Now don’t get me wrong, I love a good Sarah Palin speech as much as the next guy and she could certainly bring a lot of good things to the debates, despite her thin resume. And yes, it is thin. I’m not a hater, but forgive me when I say that a half-term governor and reality TV star may not be the best foot the GOP can put forward. All that aside though, the truth of the matter is that a Palin candidacy will most likely have two effects: She will continue to make millions of dollars via TV and book contracts; and former Massachusetts Governor Mitt Romney will be the Republican nominee.
Why Romney? Well, the tea party is a formidable movement with motivated and reliable Caucus and Primary voters (see 2010 Republican primaries for House and Senate candidates).

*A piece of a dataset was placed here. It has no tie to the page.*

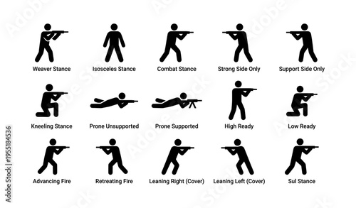 Fototapeta premium Various firearm stances illustrated with stick figures

However, splitting their vote between three top-tier candidates (Minnesota Congresswoman Michele Bachmann, Texas Governor Rick Perry, and Palin) will only ensure that the singular moderate in the race will win the nomiation, especially if Bachmann, Perry, and Palin all endure to the South Carolina and Florida primaries.
Consider 2008. The more moderate Arizona Senator John McCain put all his eggs in the New Hampshire primary, similar to the strategy Romney seems to be employing this time around. Huckabee scored somewhat of a surprise victory here in Iowa, with the more-conservative-in-2008-version of Mitt Romney finishing second. McCain then won New Hampshire and needed a South Carolina victory to propel him to the nomination.
Competing only with the grossly-mismanaged campaign of former New York City Mayor Rudy Giuliani for the moderate vote, which had now unified behind him, McCain won South Carolina. Conservatives in the state were still split between Romney, Huckabee, and former Tennessee Senator Fred Thompson, who had stayed in the race despite poor finishes in Iowa and New Hampshire. McCain then took his momentum to Florida and, with the recent endorsement of then-Governor (and now-former Republican) Charlie Crist, won the Sunshine State and the Republican nomination.
My advice to Governor Palin? Those who ignore history are destined to repeat it. If you want to see a real, conservative leader moving into the White House in January 2013, then use your visit to Iowa to announce your endorsement of one of the candidates already in the race. If you further splinter the Conservative/Tea Party vote, the more-moderate-in-2012-version of Mitt Romney will be our standard bearer next year.